■ THE TASK
For this exercise, the lines from the one with "Britt — тройное" through the final line of the data below are to be transcribed exactly, and pictures are to be skipped.

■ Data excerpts
════════════════════
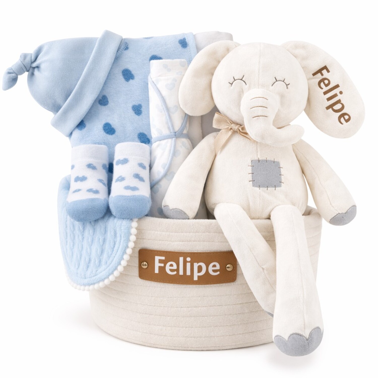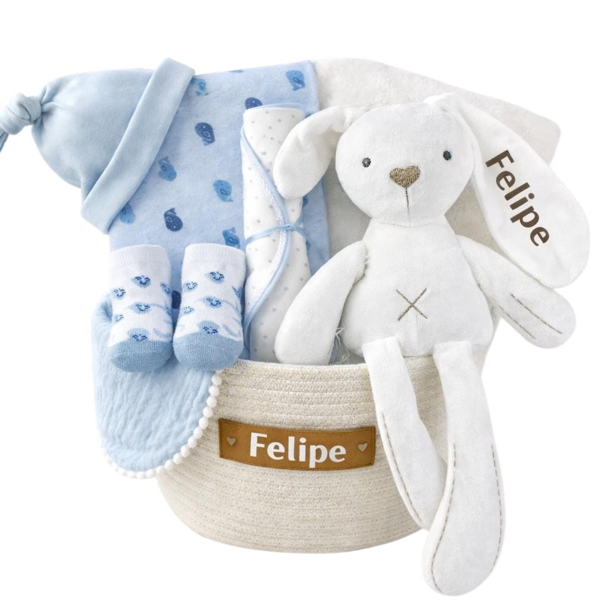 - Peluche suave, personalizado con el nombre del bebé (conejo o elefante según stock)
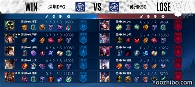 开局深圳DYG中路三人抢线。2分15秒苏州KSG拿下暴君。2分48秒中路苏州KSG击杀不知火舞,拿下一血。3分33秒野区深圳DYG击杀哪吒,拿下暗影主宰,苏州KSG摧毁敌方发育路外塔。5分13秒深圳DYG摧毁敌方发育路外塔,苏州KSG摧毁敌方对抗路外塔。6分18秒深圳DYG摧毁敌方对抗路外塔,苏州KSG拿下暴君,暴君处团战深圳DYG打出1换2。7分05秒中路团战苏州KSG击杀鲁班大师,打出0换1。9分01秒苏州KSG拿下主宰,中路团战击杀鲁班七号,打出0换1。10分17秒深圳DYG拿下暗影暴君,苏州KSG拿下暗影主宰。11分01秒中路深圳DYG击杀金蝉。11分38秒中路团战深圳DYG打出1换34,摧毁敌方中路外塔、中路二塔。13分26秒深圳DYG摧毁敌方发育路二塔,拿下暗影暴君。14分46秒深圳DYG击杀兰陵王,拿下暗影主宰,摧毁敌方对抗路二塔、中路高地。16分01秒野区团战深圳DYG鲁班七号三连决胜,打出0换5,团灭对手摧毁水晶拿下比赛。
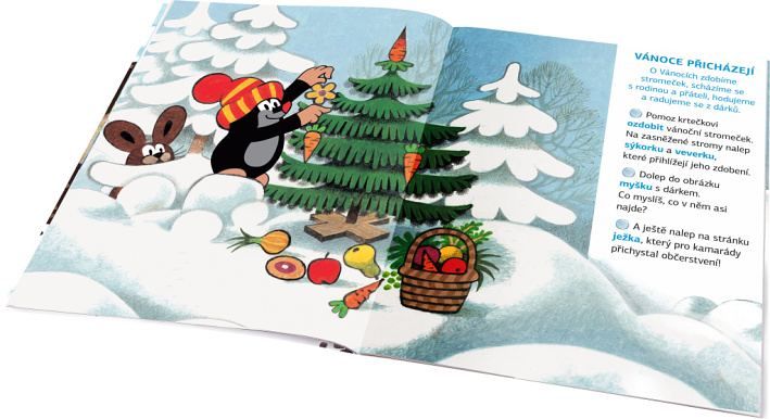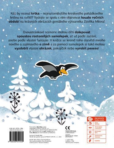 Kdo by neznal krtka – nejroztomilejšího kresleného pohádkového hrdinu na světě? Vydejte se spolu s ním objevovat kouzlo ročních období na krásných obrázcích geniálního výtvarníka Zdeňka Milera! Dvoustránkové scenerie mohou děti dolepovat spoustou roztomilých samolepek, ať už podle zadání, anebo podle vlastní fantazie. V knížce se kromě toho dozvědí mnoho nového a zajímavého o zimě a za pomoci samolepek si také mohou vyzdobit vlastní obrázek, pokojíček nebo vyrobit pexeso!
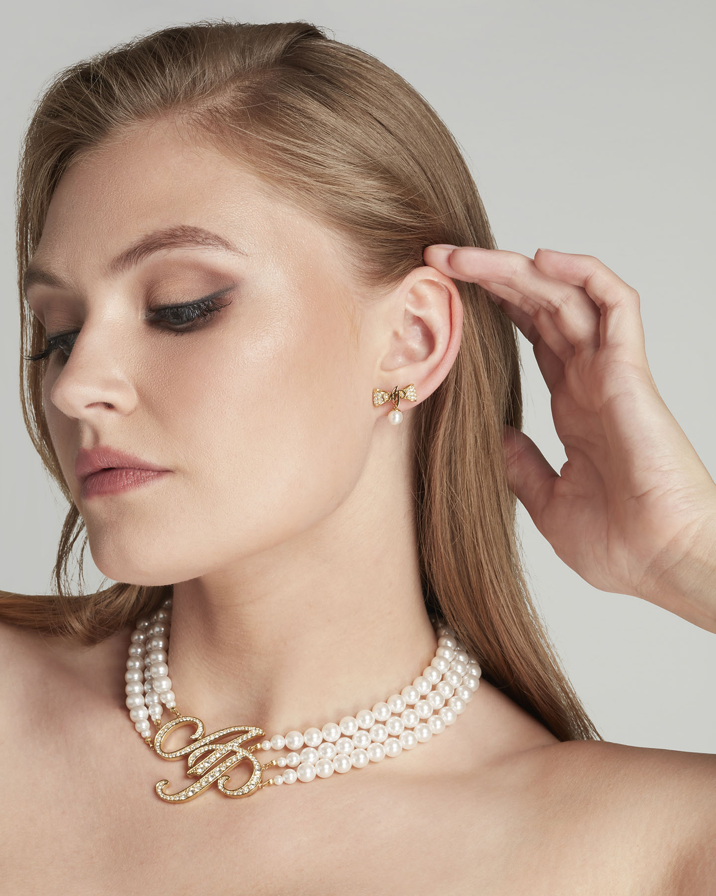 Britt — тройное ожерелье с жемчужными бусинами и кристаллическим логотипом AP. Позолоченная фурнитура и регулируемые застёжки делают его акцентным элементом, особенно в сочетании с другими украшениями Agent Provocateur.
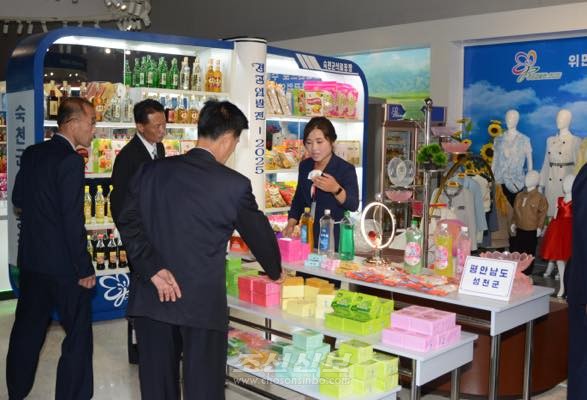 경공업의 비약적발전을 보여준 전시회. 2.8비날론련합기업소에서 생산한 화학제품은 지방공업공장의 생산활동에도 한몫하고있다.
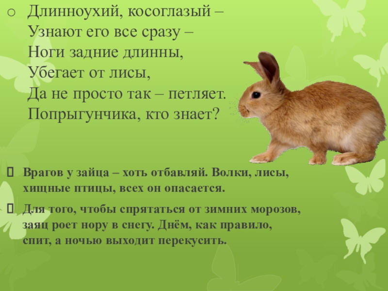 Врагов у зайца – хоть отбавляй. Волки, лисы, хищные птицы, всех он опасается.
════════════════════
■ RESULT
 Britt — тройное ожерелье с жемчужными бусинами и кристаллическим логотипом AP. Позолоченная фурнитура и регулируемые застёжки делают его акцентным элементом, особенно в сочетании с другими украшениями Agent Provocateur.
 경공업의 비약적발전을 보여준 전시회. 2.8비날론련합기업소에서 생산한 화학제품은 지방공업공장의 생산활동에도 한몫하고있다.
 Врагов у зайца – хоть отбавляй. Волки, лисы, хищные птицы, всех он опасается.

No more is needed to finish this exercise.